Reading feed message as JSON: did not work because the JSON object must be str, bytes or bytearray, not dict.
Iterating through dict:
for entity in test_dict.entity:
if entity.HasField('vehicle')
[logic for building dataframe]
It didn't work either, because 'dict' object has no attribute 'entity'.
Ok! After several hours of reading I tried to flatten and normalize feed message as described here and some other threads. Unfortunately, neither json_normalize
or flatten_json
did solve the issue.
At this point I feel like going in circle and not seeing something very obvious that might help me.

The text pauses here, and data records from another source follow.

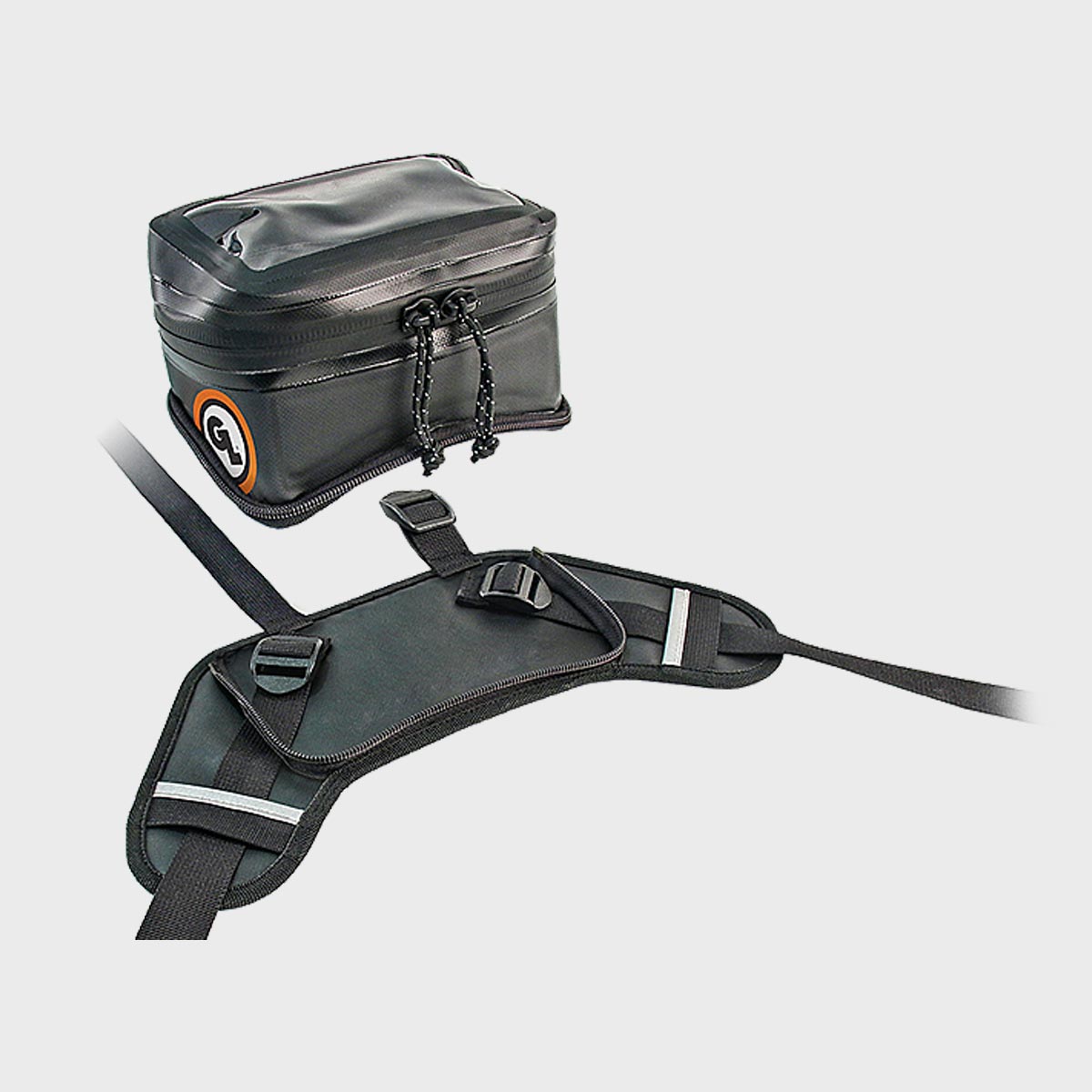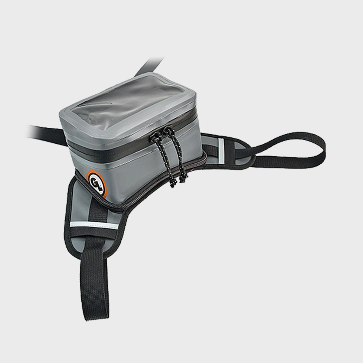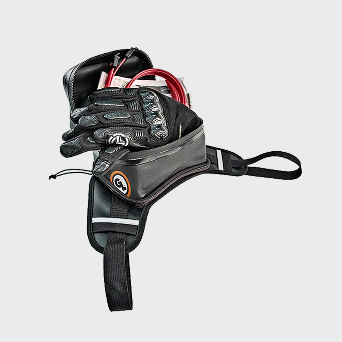 取り付けが簡単なこのタンクバッグは、防水コーティングされた素材を使用した完全溶接構造で、スマートフォン、財布、スナック、小型ツール、予備のグローブなどを入れられる1.5リットルの容量を備えています。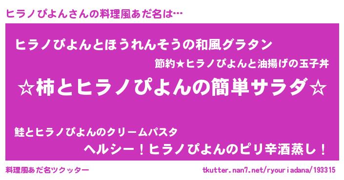 | 男性向けラノベタイトル風あだ名 | 『緋弾のヒラノピヨン』 |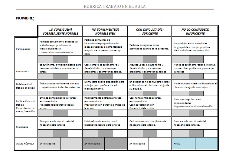 Rúbrica de Trabajo de aula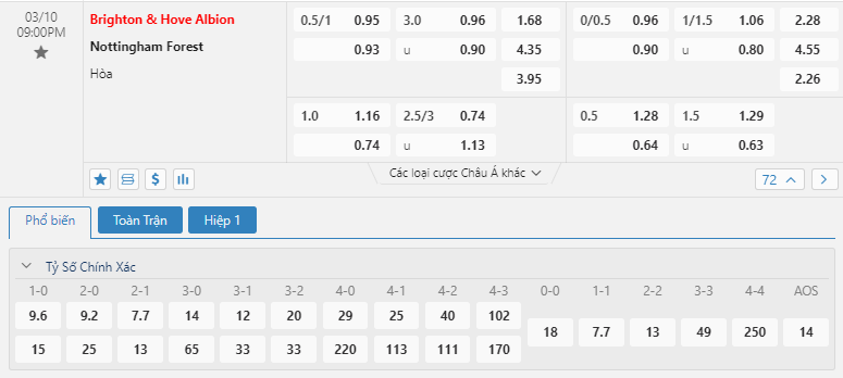 Bảng tỷ lệ kèo bóng đá trận đấu Brighton vs Nottingham Forest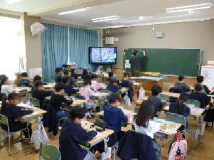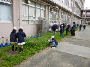 理科も初めて習う教科です。タブレットを持って校庭に出かけ、自然を観察しています。テントウムシを探していますが、見つかったでしょうか?

The end-goal is to create a dataframe which contains TripUpdates data which later will be merged with another dataframe to update arrival and departure times.
The issue can be solved by iterating through feed message using simple foor loops:
feed = gtfs_realtime_pb2.FeedMessage()
headers = {
'Accept': 'application/octet-stream',
'Accept-encoding': 'br, gzip, deflate'
}
response = requests.get('<PROVIDER:APIKEY>', headers=headers, stream=True)
feed.ParseFromString(response.content)
for entity in feed.entity:
if entity.HasField('trip_update'):
# Accessing values in feed message
if entity.trip_update.trip.trip_id == something:
[add to list]
Later, list will be converted to pandas dataframe.